Narrou que, em seguida à esse colóquio, Domênico saiu até o quintal para urinar, quando então Antônio N. deu uma paulada forte em sua cabeça, agressão logo seguida por outra, desta vez, Eugênio C. esfaqueou seu pescoço. Quanto a ele, Adão, ficara somente encostado vendo tudo acontecer rapidamente e só jogou uma pedra em Domênico, que jazia no chão, porque fora ameaçado pelos dois comparsas “Se você não ajudar vai também para o poço.” Disse que jogaram o cadáver no poço dentro de um saco, jogaram cascos e terras que estavam na proximidade e dividiram o dinheiro. Embora tenha dado informações mentirosas, confessara o crime.

Enquanto isso, Atílio Colli tinha voltado para Piracicaba e tinha sido preso pelo delegado de lá, mas não custou muito a provar que o telegrama tinha sido transmitido errado. Ele o tinha redigido desta forma “seu filho não está aqui.” A fatalidade brincou com o pai da vítima e quis, que naquela altura, Modesto tivesse a esperança falsamente renovada ao ler “seu filho bom está aqui.”

O sino da matriz marcava cinco horas da tarde. O senhor José Tancler, que estava presente ao interrogatório, saiu dali rapidamente para a casa do Adão, a fim de cumprir triste propósito, o de dar a Modesto a trágica notícia. Seria portador da já indisfarçável notícia para o pobre pai, que no fundo, no fundo, não queria acreditar no que se desvendava rudemente ao seu olhar.

Diante da certeza que insistira em não ver, diante da cruel verdade revelada pelo sonho que insistira em não aceitar, o desespero abateu o pobre pai. Ouvira as surdas palavras pronunciadas pesadamente pelo senhor José Tancler. A mensagem era curta, mas de tão dolorosa parecia ecoar na escuridão do infinito. Estava profundamente abatido e mal se sustinha em pé. Por que não haveria no mundo uma lei divina que proibisse a morte dos filhos antes da morte dos pais?  

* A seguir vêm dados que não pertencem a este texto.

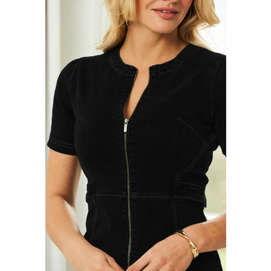 Sosandar Black Short Sleeve Round Neck Zip Front Denim Dress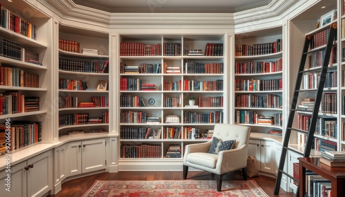 Home Library with Bookcases and Ladder.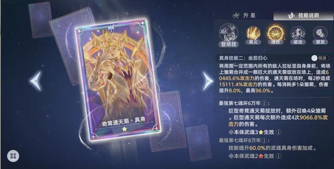 菊花真身可继续升星,初始为黄色1星,升星道具靠后续活动获取。未来新真身可能非免费,且每个真身都有升星操作,这将是巨大的培养深坑,也是战力提升潜力点。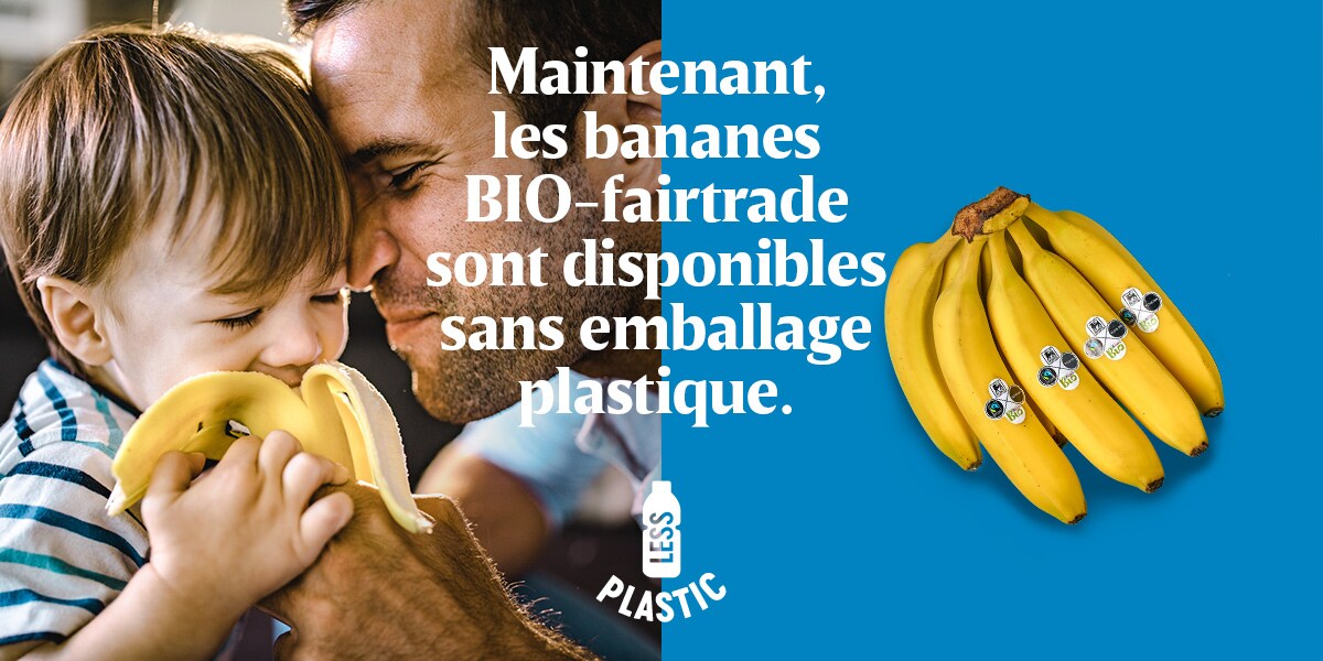 Initiative #4 - Maintenant, les bananes BIO-fairtrade sont disponibles sans emballage plastique.

Cambaleando e sem forças, apesar de seus 42 anos apenas, sussurrou chorando de desespero:

- Dio Mio! Mataram meu bambino, mataram meu Domênico!

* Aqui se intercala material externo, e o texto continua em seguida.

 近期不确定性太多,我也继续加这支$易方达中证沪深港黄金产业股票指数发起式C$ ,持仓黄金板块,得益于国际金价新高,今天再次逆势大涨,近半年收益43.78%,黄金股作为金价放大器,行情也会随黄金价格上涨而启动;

No rosto de todos os presentes escorreram lágrimas incontidas de comoção.

 

[...]

 

Puseram-se enfim a tirar terra outra vez. Agora era só uma questão de tempo e trabalho.

Terra e mais terra, até que o toque de recolher sonorizou o momento em que todos deveriam ir para casa.

Mas a cidade não descansaria com a tranqüilidade costumeira naquela noite... Sombria sensação ancorava nos corações tristes. E o aparente silêncio era de desassossego.

Ao redor do poço e a cheiro de querosene misturado com o cheiro agridoce de terra molhada, a fúnebre busca continuava, iluminada por poucos lampiões.  Terra e mais terra.

Passava um pouco mais das dez horas da noite quando o pai Modesto de Lucca, que não abandonara de forma alguma, nem por um minuto, a triste diligência, reconheceu alguns papeis entre a terra removida.  Entre anotações com a letra que reconheceu ser de seu filho, havia também um recibo assinado por Antônio N..  

Logo depois, uma das armas do crime: o pau de fumo de setenta centímetros de comprimento, com “manchas que pareciam sangue.” Dentro de um saco estavam uma botina e um chapéu, que Modesto reconheceu como de propriedade de seu filho. A cada profundidade revelada, as provas escancaravam o que, a todo custo, o pai se recusava a aceitar. Por fim, onze e meia da noite “...foi encontrado o cadáver que pelo mau cheiro que exalava, denotava estar em adiantado estado de putrefação ... [e]... que tendo em vista não haver na localidade peritos profissionais, o adiantado da hora e as disposições regulamentares... ordenou [a autoridade] que tudo ficasse no estado em que se achava... [e que] o poço e suas imediações ficasse guardado por um soldado...”

O delegado mandou recolher Antônio e Eugênio na cadeia da cidade.

Sobre o período em que ficaram presos, apenas foi registrado o depoimento de Adão, que dizia que os outros dois, a todo custo pediam que ele negasse o crime, ou assumisse sozinho, uma vez que o cadáver estava em seu quintal.

 



[1] As informações deste capítulo são advindas dos autos do processo.